Tesla CEO Elon Musk is coming close to earning the first $346 million tranche of options in a record-breaking pay package deal, after the electric car manufacturer’s stock over doubled in the last three months.
Shares of Tesla soared 9% to a record high Monday. They should rise another 6% to put Tesla’s inventory market worth at $100 billion and then be sustained at that level for a one-month as well as six-month average to be able to fuel the vesting of the first of 12 tranches of options granted to Musk to purchase Tesla stock.

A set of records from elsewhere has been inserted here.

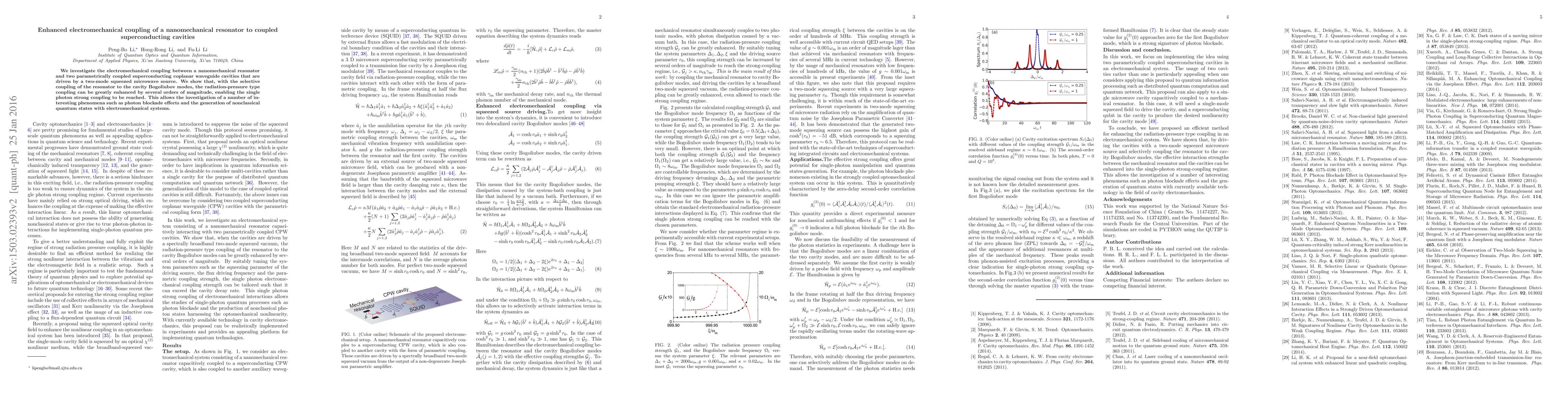 This paper explores enhanced electromechanical coupling between a nanomechanical resonator and two parametrically coupled superconducting cavities, achieving significant amplification through selective coupling to cavity Bogoliubov modes, enabling single photon strong coupling and facilitating studies of quantum phenomena like photon blockade and nonclassical state generation.
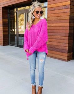 Hot Pink Sweater Outfit Con Sueter Fiusha Suéter De Chenilla De Punto Trenzado De Manga Larga
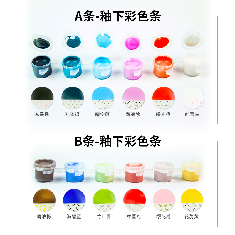 A strip white strip underglaze color B strip yellow strip underglaze color underglaze color A color bar + B color bar
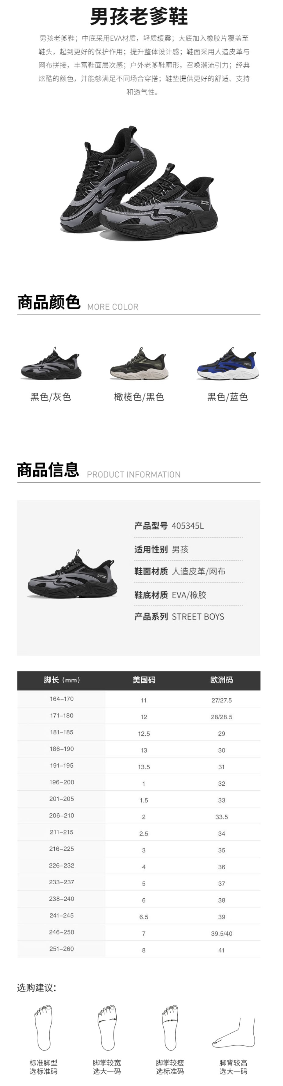 Skechers斯凯奇2025新款男童鞋轻质舒适老爹鞋405345L-BKBL
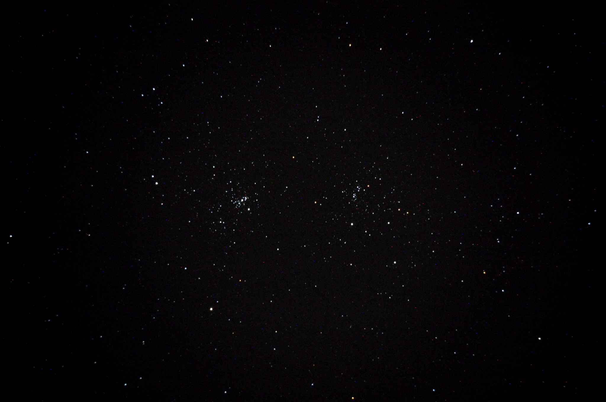 ho tentato alcune prime foto prova pur con cielo pessimo per umidità con la Canon 300D acquistata usata tempo fa, tra le poche acettabili questa dell'ammasso doppio in Perseo che allego, purtroppo vedo una marea di puntini rossi e blu...
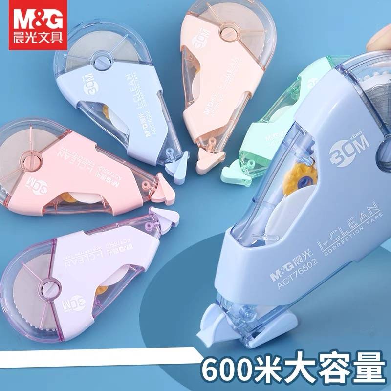 晨光静音修正带60米装学生用超大容量耐摔马克龙色系改正带莫兰迪可爱高颜值女生创意新款文具涂改带送笔批发
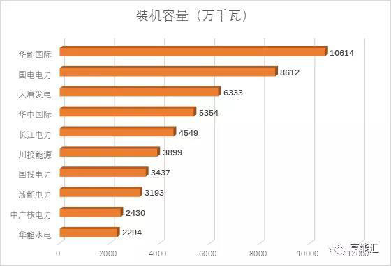 從上市企業(yè)裝機(jī)容量靠前企業(yè)來看,華能國際以10614萬千瓦的裝機(jī)容量列于首位,總體來看,除前4位,其他企業(yè)裝機(jī)容量均低于5000萬千瓦時(shí)。
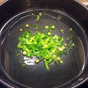 热锅冷油 放入葱花煸香 稍微焦一点好吃
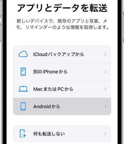 - 「アプリとデータを転送」画面で、「Android から」をタップします
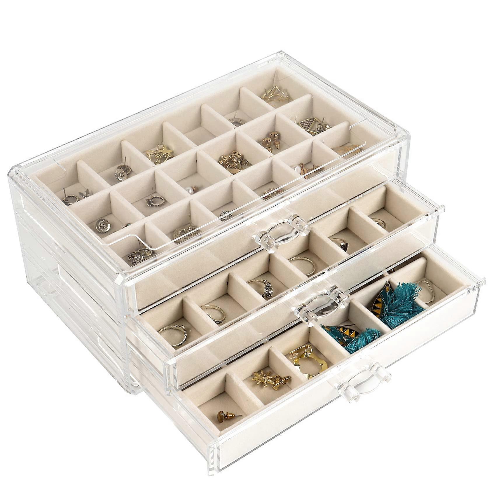 ZENGO Clear Acrylic Jewellery Box Jewellery Organiser with 3 Drawers for Women Jewelry Storage Box for Rings Earrings Necklaces Beige
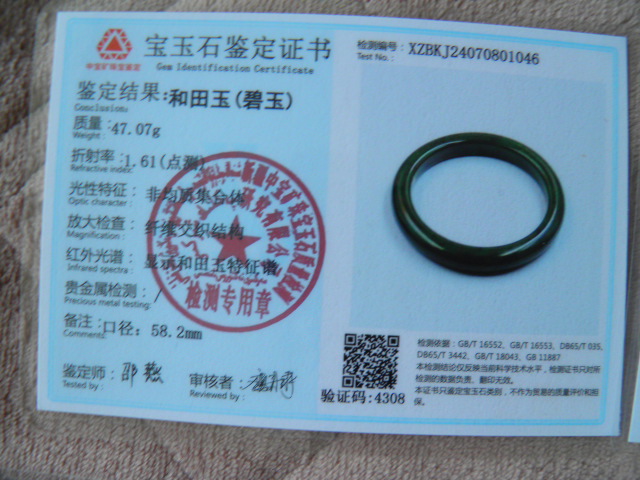 此手镯的鉴定证书照片: |
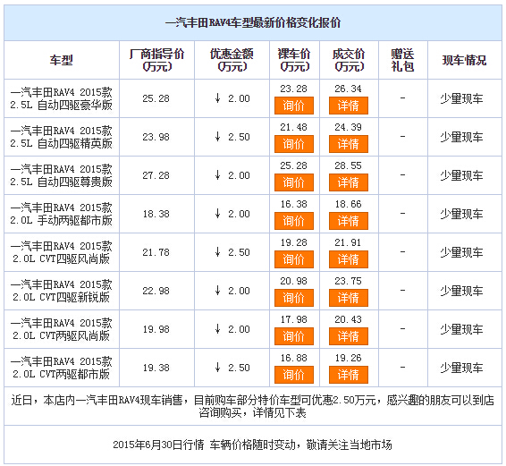 新浪银川汽车讯 近日,编辑从一汽丰田银川安利捷4S店了解到,丰田RAV4现车销售,目前购车部分特价车型可优惠2.50万元,感兴趣的朋友可以到店咨询购买。
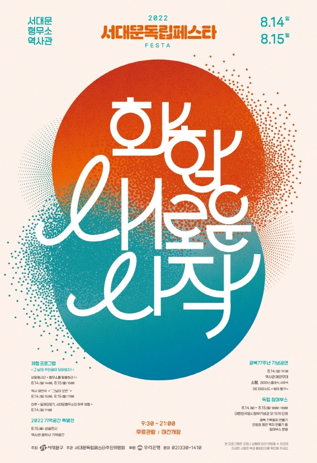 광복 77주년을 맞아 <2022 서대문독립페스타>가 서대문형무소역사관에서 개최된다. 광복의 기쁨, 자유와 평화의 소중함을 가족과 함께 누려보자. 축제기간 역사관 관람, 프로그램은 무료로 이용할 수 있다. 광복77주년 축하공연, 체험 프로그램은 축제 홈페이지를 통해 온라인 사전예약할 수 있다.
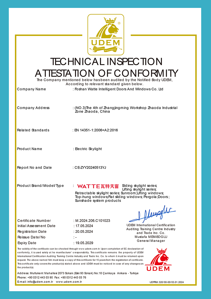 WATTE瓦特始创于2012年北京,2019年总部迁至广东佛山。13年专注高端建筑洞口解决方案,以智能天窗、升降窗、移动阳光房为核心,构建研发、设计、制造、服务全产业链。依托两大现代化生产基地与多项国家新型专利,品牌以硬核创新赋能产品升级。销售服务网络遍及全球,产品远销美、英、德等多个发达国家,让中国智造服务全球用户。
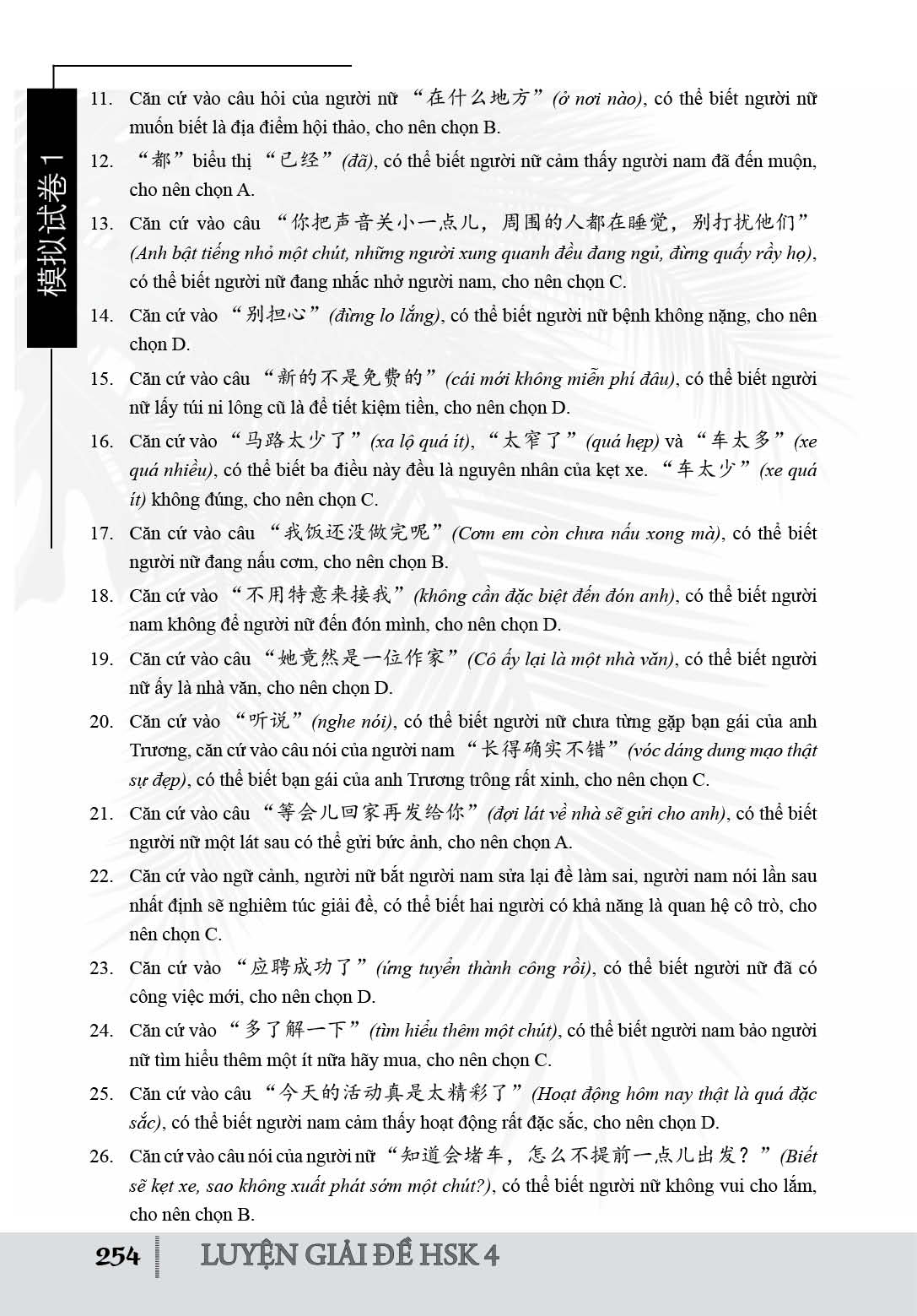 - Phần 2: Đề thi mô phỏng (cung cấp 12 đề thi mô phỏng HSK cấp 4)
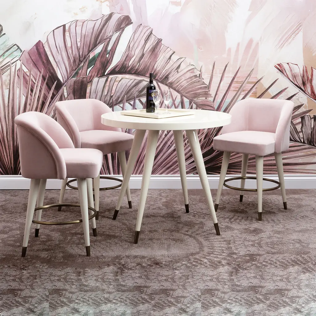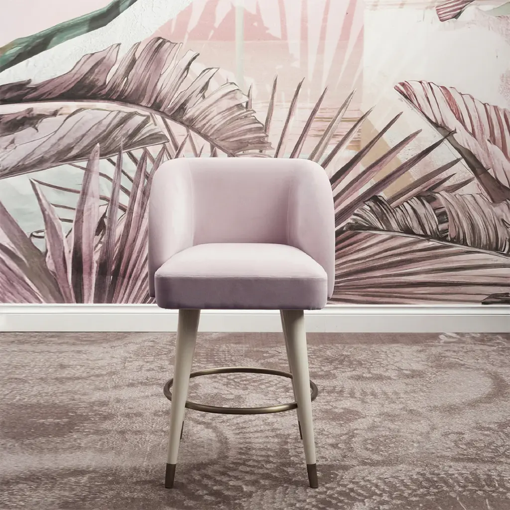 A delicate addition to a modern home, this bar stool is part of the Pauline Collection, a series of seating options distinctive for their retro-chic charm and enveloping design. The wooden structure comprises slanted legs connected by a ring that functions as a footrest and is made in bronzed metal, matching the tips of the legs. The padded seat and curved backrest are upholstered in pink fabric. This piece will be equally eye-catching in a breakfast nook at home around the Andrea Bar Table, or around a tall counter.
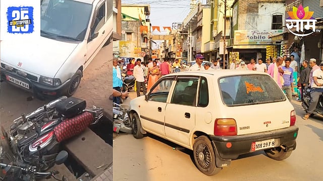 दरम्यान अपघातास कारणीभूत ठरलेली कार ही विरुद्ध दिशेने भरधाव येत होती. यावेळी दुचाकी चालक राधेश्याम मलेवार (वय ५०, रा. बहेवाडा) यांच्या दुचाकीला भरधाव कारने जोरदार धडक देत उडविले. यानंतर बावनकर चौकाजवळ उभ्या असलेल्या वैष्णवी राजकुमार भिवगडे (वय १५, रा. तुमसर) या युवतीला देखील धडक दिली. यामध्ये दोघेजण जखमी झाले आहेत. हा थरार सुरू असताना एकच धावपळ माजली. त्यानंतर ही कार रस्त्याच्या बाजूला थांबली.

Musk has already hit an operational target that is also essential for the options to vest.
For Musk’s subsequent tranches to vest under the terms of the 2018 package, the corporate’s market cap must continue to sustainably rise by $50 billion increments over the settlement’s 10-year interval, with the billionaire incomes the complete package if Tesla’s market capitalization reaches $650 billion and the EV manufacturer achieves many revenue and profit targets.
A full payoff for Musk, who is also the majority owner and CEO of the SpaceX rocket manufacturer, would surpass anything previously approved to U.S. executives, based on Institutional Shareholder Services, a proxy advisor that recommended traders reject the pay package deal at the time.
Musk receives no salary or cash bonus and only options that vest based on Tesla’s market cap and milestones for growth.